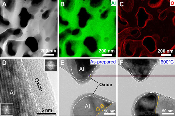 图1 纳米多孔铝的结构表征。(A-C)纳米多孔铝孔棱的HAADF-STEM图像和EDS元素分布图;(D)纳米多孔铝孔棱的HRTEM图像;(E,F)氧化铝层在600°C下退火 0.5 h前后的准原位TEM 图像。
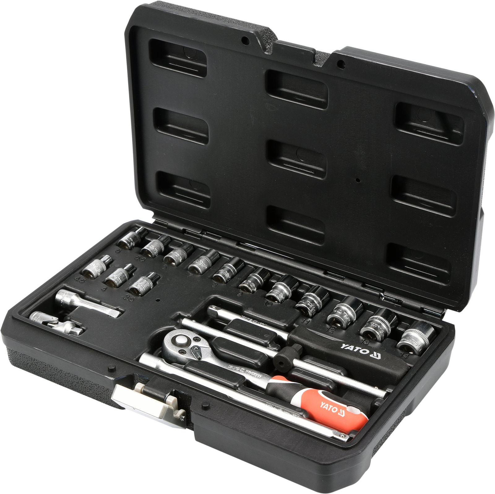Profesjonalnej jakości zestaw narzędziowy marki Yato, polecany do serwisów i warsztatów. Klucze nasadowe, jak i napęd nasadek, zostały wykonane z wytrzymałej narzędziowej stali chromowo-wanadowej CrV 50BV30. Nasadki wyposażone w system AS-Drive, zwiększający maksymalny moment o 25%, przy pełnej ochronie obrzeży nakrętek, nasadki z dwutonowym wykończeniem powierzchni. Grzechotka posiada trójkomponentową rękojeść oraz 72 zęby (skok roboczy 5 stopni).
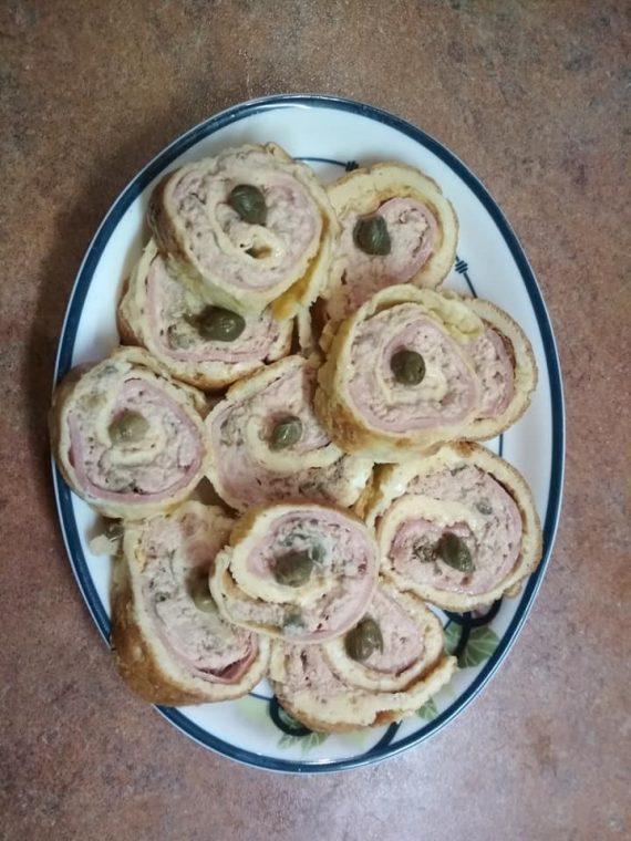 Χτυπάτε τα αυγά και ανακατεύετε πρώτα καλά το αλεύρι (καλύτερα περάστε το από σουρωτηρι. Αν σβωλιασει λίγο δεν πειράζει). Προσθέτετε τα υπόλοιπα υλικά. Τηγανιζετε με λίγο ελαιόλαδο ή βούτυρο σε μεσαίο τηγάνι το μισό μείγμα. Τοποθετείτε την ομελέτα πάνω σε αλουμινοχαρτο. Φτιάχνετε και την 2η ομελέτα. Πάνω στην κάθε ομελέτα απλώνετε 1,5 φέτα ζαμπόν και το μείγμα της γεμισης. Μην απλωσετε μέχρι πάνω γιατί στο τυλιγμα θα χυθεί έξω. Τυλιγετε τα ρολά (όχι πολύ σφιχτά) και τα κλείνετε καλά με το αλουμινοχαρτο. Βάζετε στο ψυγείο για μερικές ώρες να σφιξουν ή στην κατάψυξη για 30′. Κόβετε τα ρολά σε φετουλες. Βάζετε μια καπαρη αν θέλετε για στολισμα. (εάν τα θέλετε πιο πικαντικα, προσθέστε στη γεμιση λίγο πιπέρι καγιεν).

▶ Task to carry out: Skip every picture and transcribe the data above exactly.

▶ Result below:
 图1 纳米多孔铝的结构表征。(A-C)纳米多孔铝孔棱的HAADF-STEM图像和EDS元素分布图;(D)纳米多孔铝孔棱的HRTEM图像;(E,F)氧化铝层在600°C下退火 0.5 h前后的准原位TEM 图像。
Profesjonalnej jakości zestaw narzędziowy marki Yato, polecany do serwisów i warsztatów. Klucze nasadowe, jak i napęd nasadek, zostały wykonane z wytrzymałej narzędziowej stali chromowo-wanadowej CrV 50BV30. Nasadki wyposażone w system AS-Drive, zwiększający maksymalny moment o 25%, przy pełnej ochronie obrzeży nakrętek, nasadki z dwutonowym wykończeniem powierzchni. Grzechotka posiada trójkomponentową rękojeść oraz 72 zęby (skok roboczy 5 stopni).
 Χτυπάτε τα αυγά και ανακατεύετε πρώτα καλά το αλεύρι (καλύτερα περάστε το από σουρωτηρι. Αν σβωλιασει λίγο δεν πειράζει). Προσθέτετε τα υπόλοιπα υλικά. Τηγανιζετε με λίγο ελαιόλαδο ή βούτυρο σε μεσαίο τηγάνι το μισό μείγμα. Τοποθετείτε την ομελέτα πάνω σε αλουμινοχαρτο. Φτιάχνετε και την 2η ομελέτα. Πάνω στην κάθε ομελέτα απλώνετε 1,5 φέτα ζαμπόν και το μείγμα της γεμισης. Μην απλωσετε μέχρι πάνω γιατί στο τυλιγμα θα χυθεί έξω. Τυλιγετε τα ρολά (όχι πολύ σφιχτά) και τα κλείνετε καλά με το αλουμινοχαρτο. Βάζετε στο ψυγείο για μερικές ώρες να σφιξουν ή στην κατάψυξη για 30′. Κόβετε τα ρολά σε φετουλες. Βάζετε μια καπαρη αν θέλετε για στολισμα. (εάν τα θέλετε πιο πικαντικα, προσθέστε στη γεμιση λίγο πιπέρι καγιεν).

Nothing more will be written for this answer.